The new boy brought me to a café nestled strangely in Chinatown. It's the only place in a 4 block radius that doesn't sell pho. What it does sell is lifestlye. It's aiming for the sweet spot of chic-and-trendy-but-not-trying-too-hard-but-hard-enough-to-justify-charging-$8-for-a-cup-of-coffee-that's-not-even-fair-trade. It’s the kind of coffee house that is proudly, fiercely independent, decorated with dream catchers, a collection of porcelain owls, and mismatched tables and chairs that I wouldn’t be surprised to learn were leftovers from the set of The Wonder Years.
A leopard print chair distinguished our wobbly table from all the others, and once seated we were visited by a gypsy woman with a basket full of pygmy instruments – I got a tiny bell, and Boy got finger cymbals. “It’s not much, but it’s participatory,” the gypsy woman said by way of explanation.

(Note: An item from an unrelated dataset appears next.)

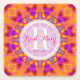Geometric mandala in refreshing orange, bright fuchsia pink and tiny bits of bright blue. Semi transparent white circle in the center for monogram and custom name. Suitable for alternative style wedding, engagement, bridal and couples shower. Looks great on both square and round coasters.

Participatory? Before we could properly digest this thought (or contemplate bolting), the gypsy lady and all the glorious layers of her gauzy skirt climbed up on the stage, slung her antlered guitar around her neck, and hence commenced an intense affair most commonly known as “café rock.”
Yes, her guitar had antlers.
Yes, her sidekick played such various instruments as the organ, the pan flute, and the wind chimes (these in particular meant that we should all join in with our own “participatory” contributions, eye-rolling optional.)

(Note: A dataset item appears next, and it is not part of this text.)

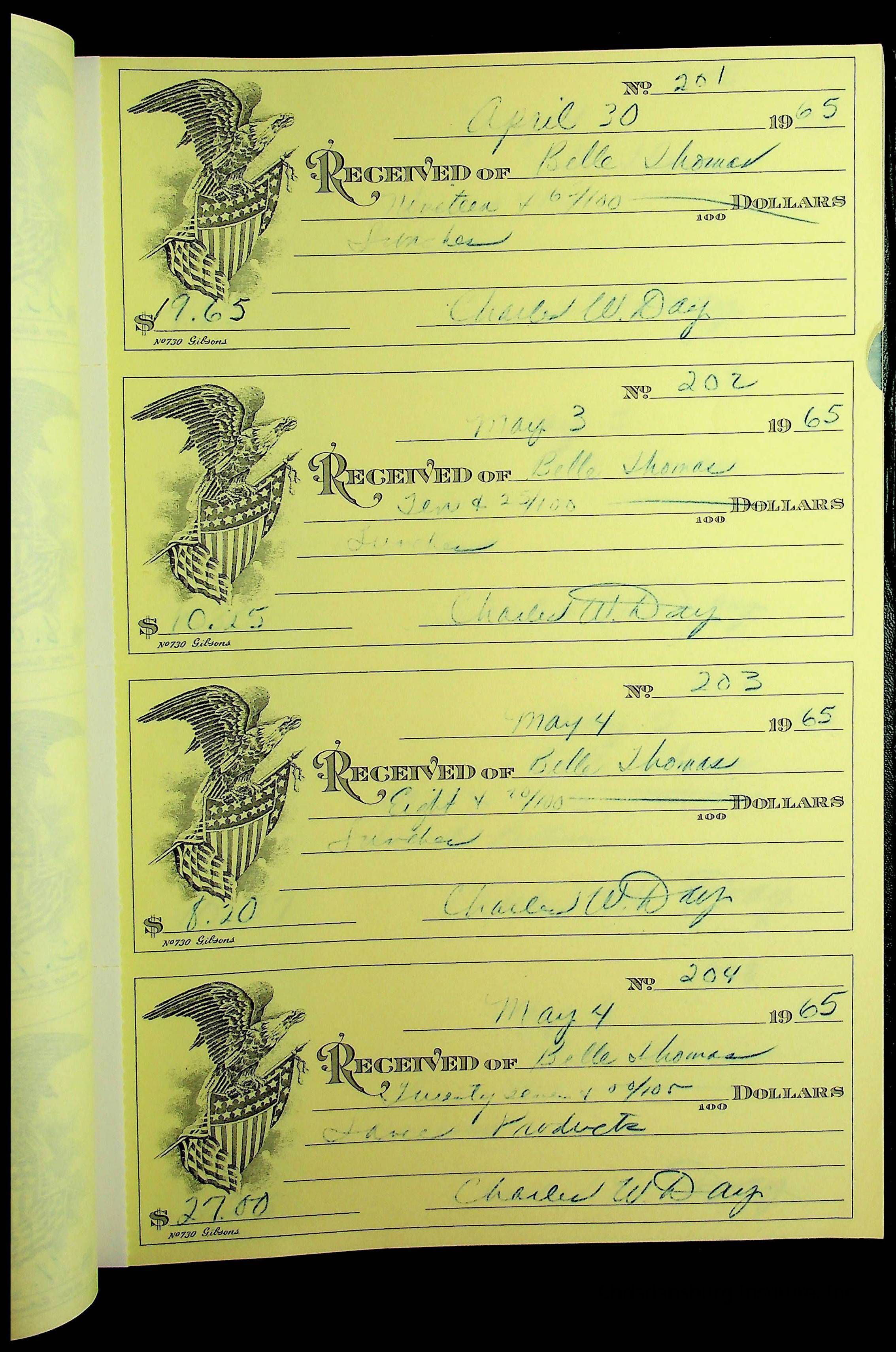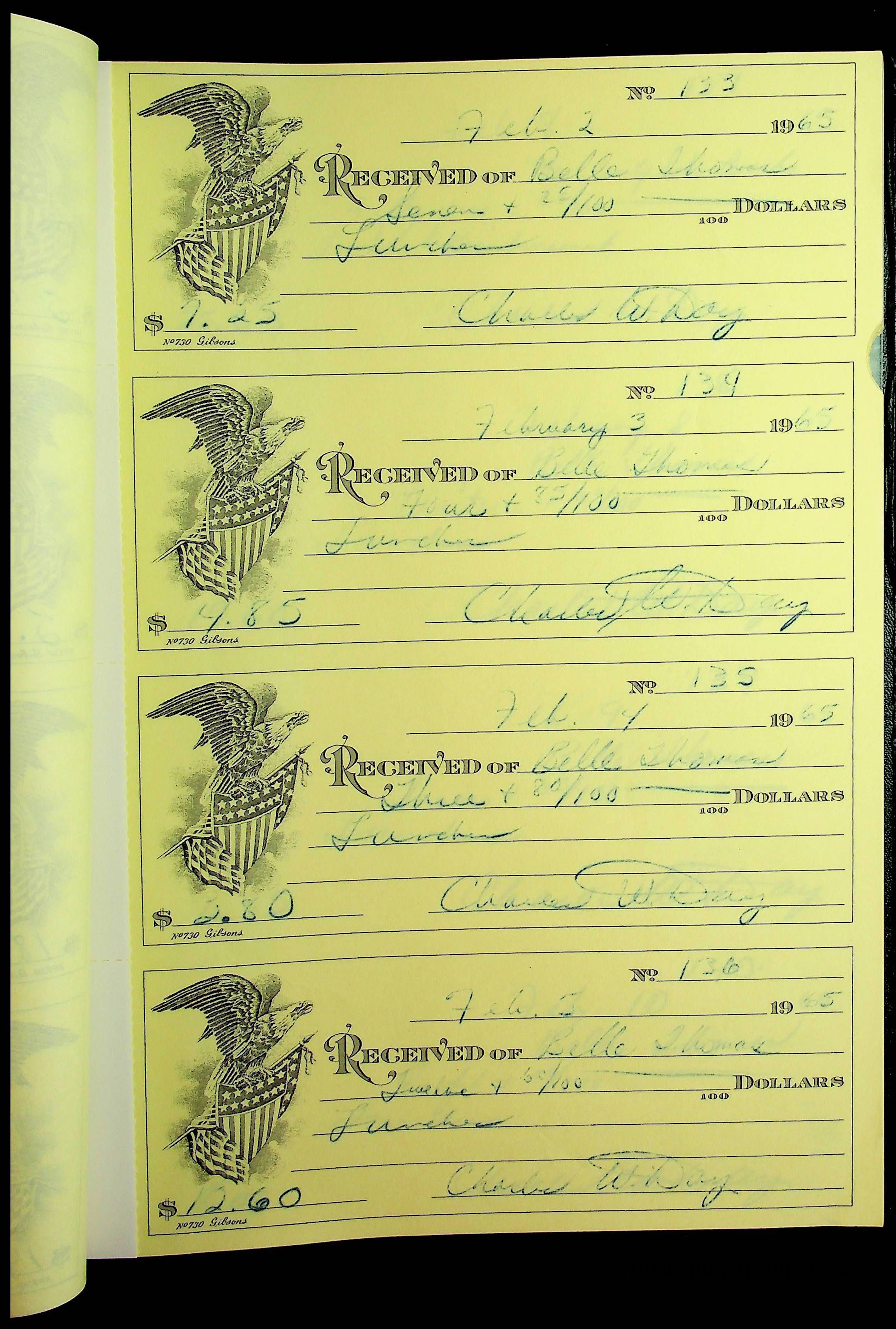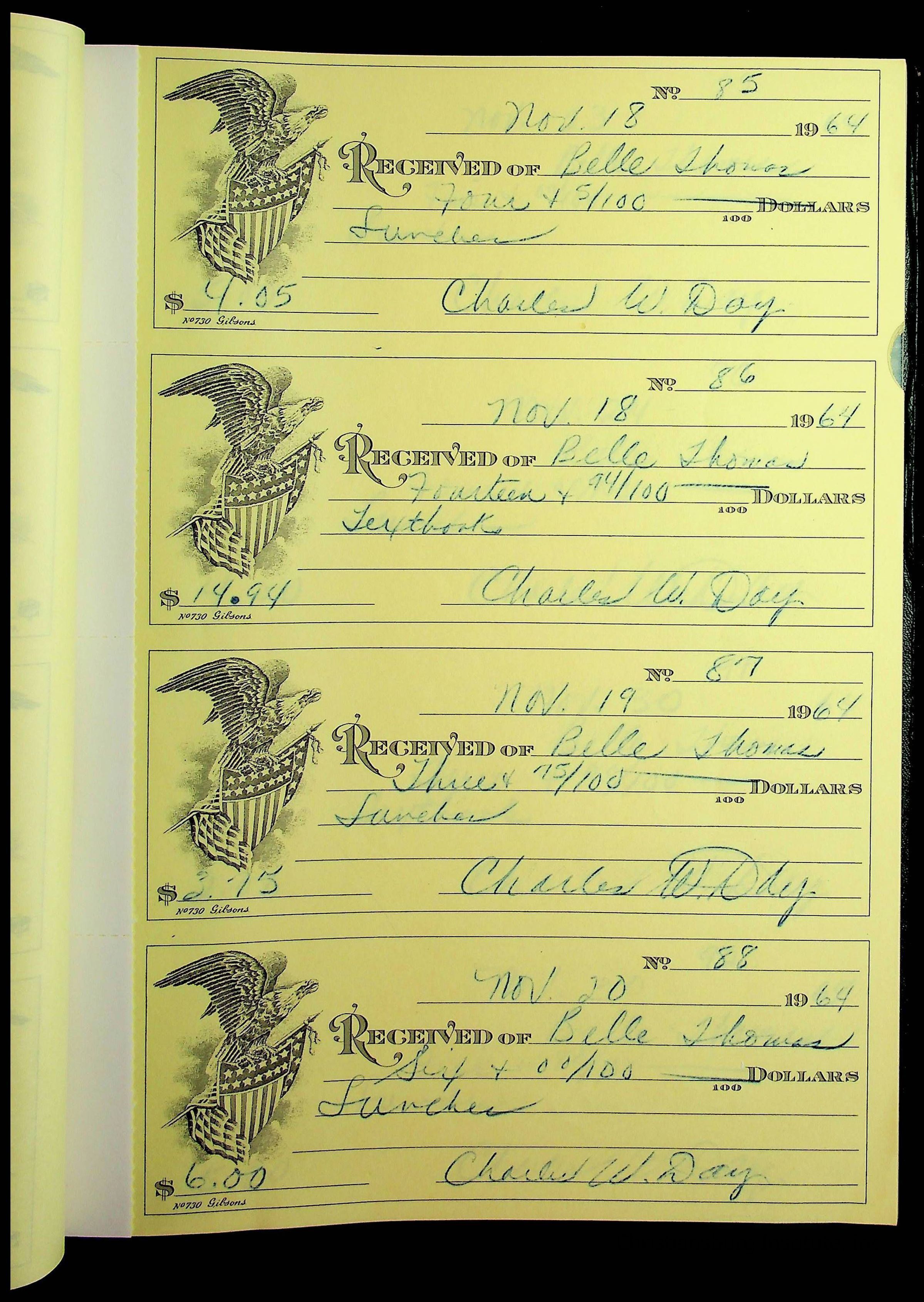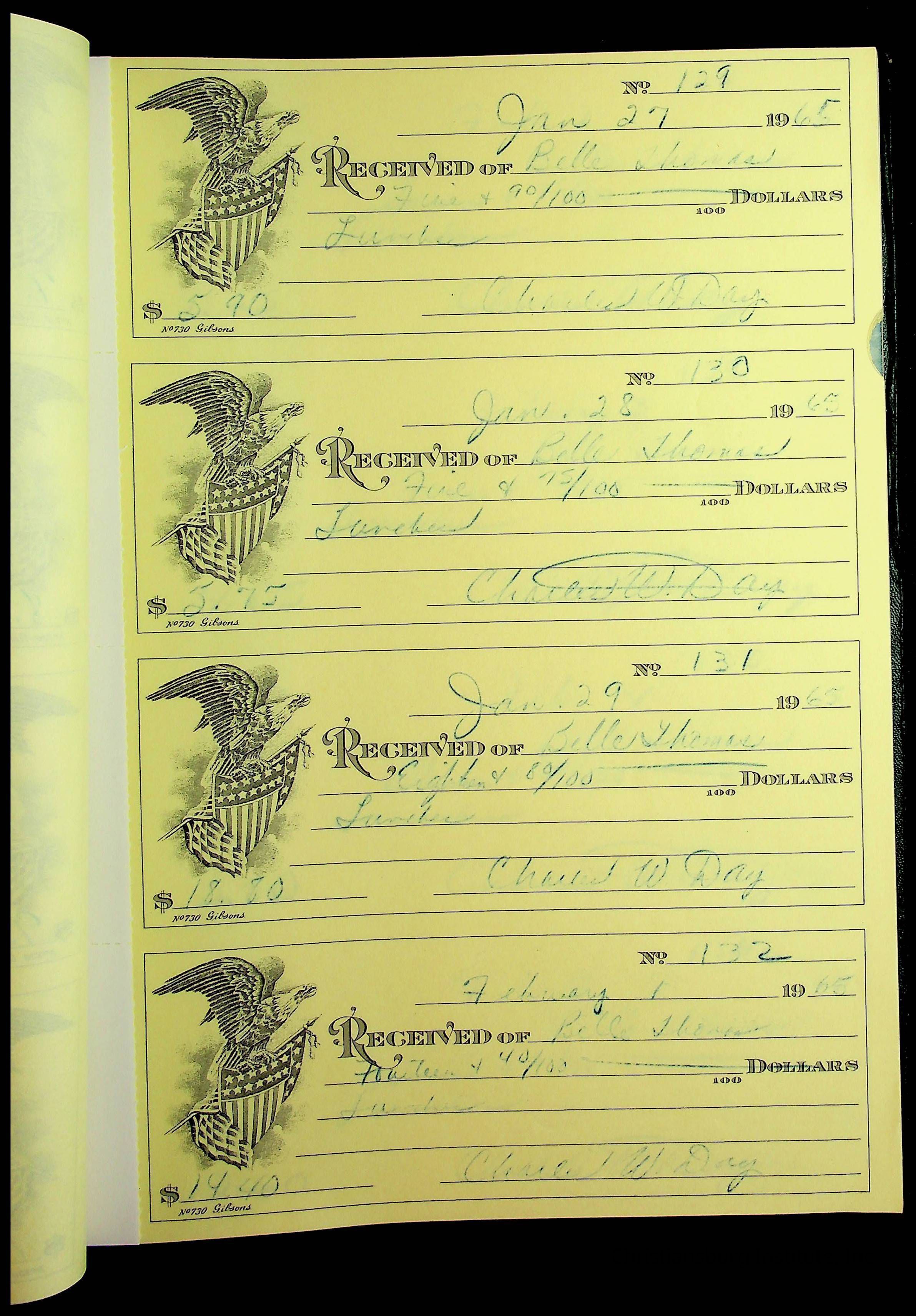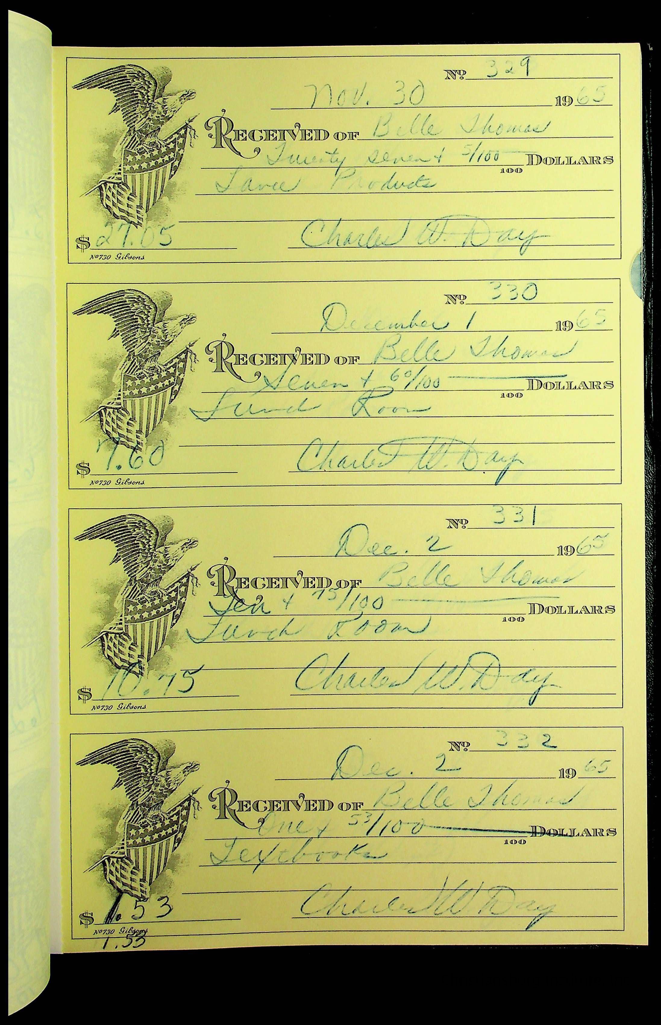 A receipt book manufactured by J.P. Bell company and used by Christiansburg Institute to document expenses and receipts from 1964 through 1966.

Yes, the gypsy woman closed her translucent eyelids, sighed an ethereal breath, and said “Now I’m going to play some Dolly Parton.”
“I hope it’s Jolene,” whispered Boy, as sarcastically as a whisper can be.
“It’s Jolene” said the gypsy woman, and so it was. And about halfway through the flakiest excuse for Dolly that I’ve ever heard, the coffee grinder behind the bar, beside the bucket marked POTATO that was literally only big enough for the one and thus aptly labelled, made a noise oddly akin to my Katy Perry ringtone. Normally I’d be relieved that it wasn’t my cell phone interrupting Great Art, but at this point I’d been plotting my getaway for nearly an hour, rueing my perch of high visibility, and was more or less numb with Great Art and was intensely craving a Great Escape. Or a brownie, which looked delicious behind its glass dome, but probably tasted of commitment (for at least as long as it takes to eat a brownie, which to you may be a modest ten minutes or so, but when the music devolved from lyrics to odd throat noises and the clanging of cutlery against green glass bottles, every painful second counts.)
Mercifully, we capitalized on gypsy woman turning her back on the audience because “lyrics are hard to remember when you’re emotional” and we fled the scene, preferring to roam the frigid February night air than to rock out over herbal tea for one more minute than we’d already had.
My mother used to tell us If you don't have anything nice to say, don't say anything at all.
But my mother never said nothin about blog posts.